For this exercise, copy all the data exactly and include none of the pictures.

● DATA BELOW:
****************

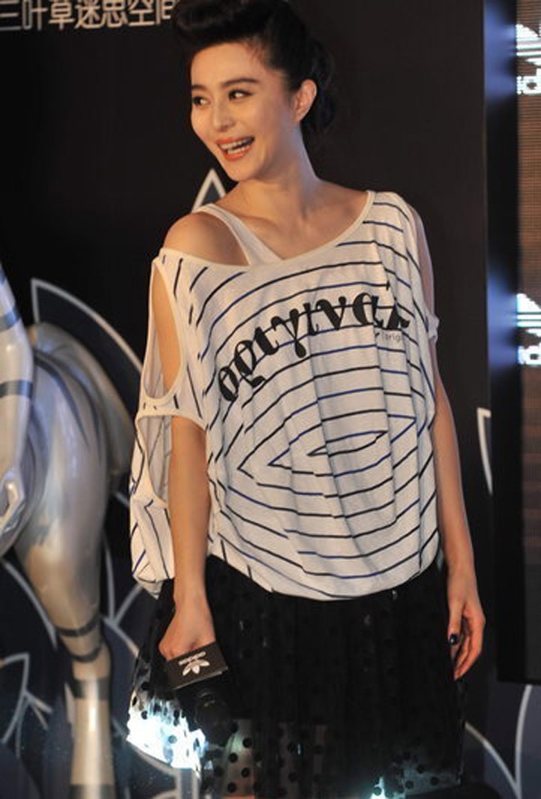 | Phạm Băng Băng không thành công với phong cách cá tính. Bộ trang phục làm cô rất "quê mùa". Kiểu trang điểm dày cộm cũng khiến gương mặt mất đi sự thanh thoát. |
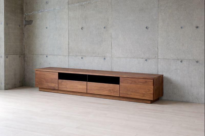無駄な装飾を排した、極めてミニマルなデザインのテレビボード。
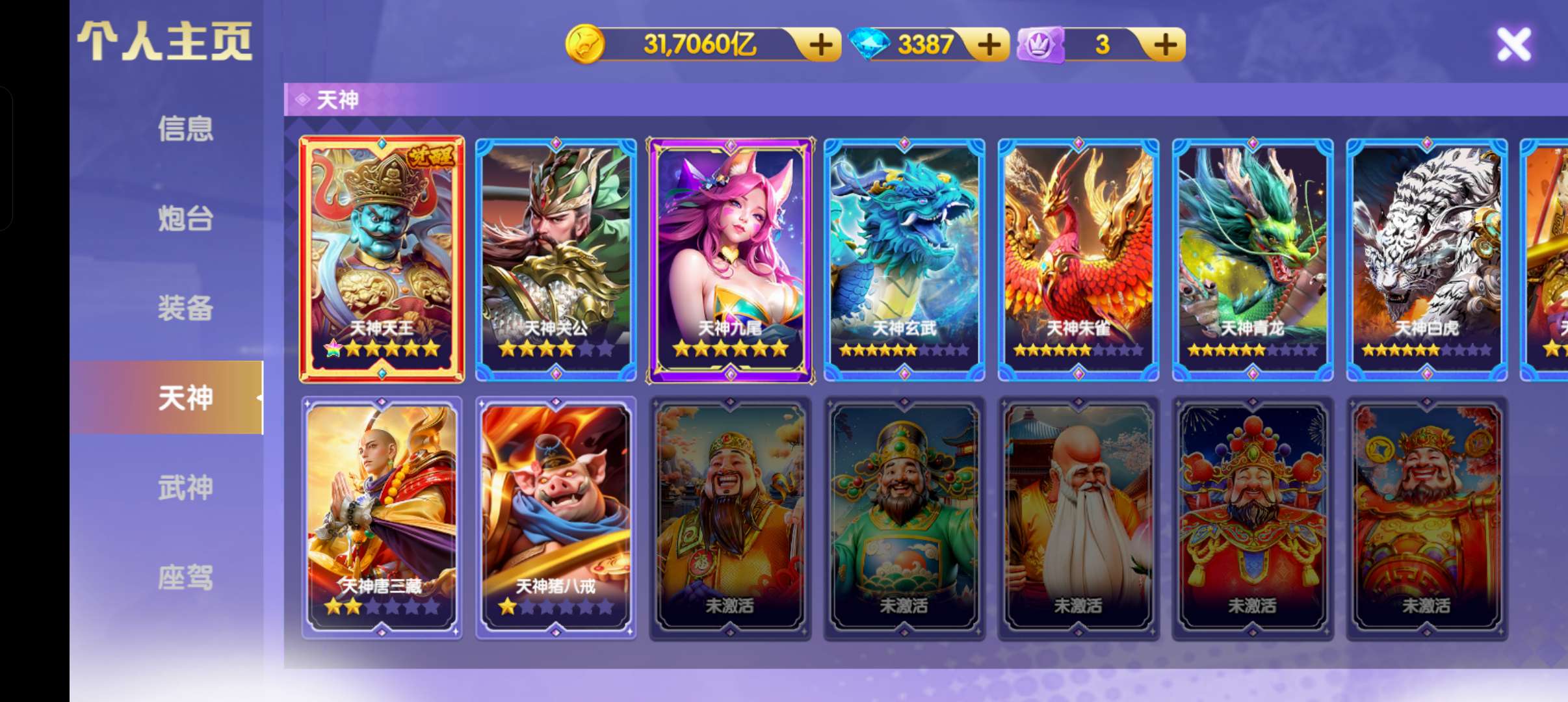 全部神装套,神电11星,觉醒天王,狐狸天神再养一养也快能觉醒了,绝对超值

****************

● THE COMPLETED TASK:
 | Phạm Băng Băng không thành công với phong cách cá tính. Bộ trang phục làm cô rất "quê mùa". Kiểu trang điểm dày cộm cũng khiến gương mặt mất đi sự thanh thoát. |
無駄な装飾を排した、極めてミニマルなデザインのテレビボード。
 全部神装套,神电11星,觉醒天王,狐狸天神再养一养也快能觉醒了,绝对超值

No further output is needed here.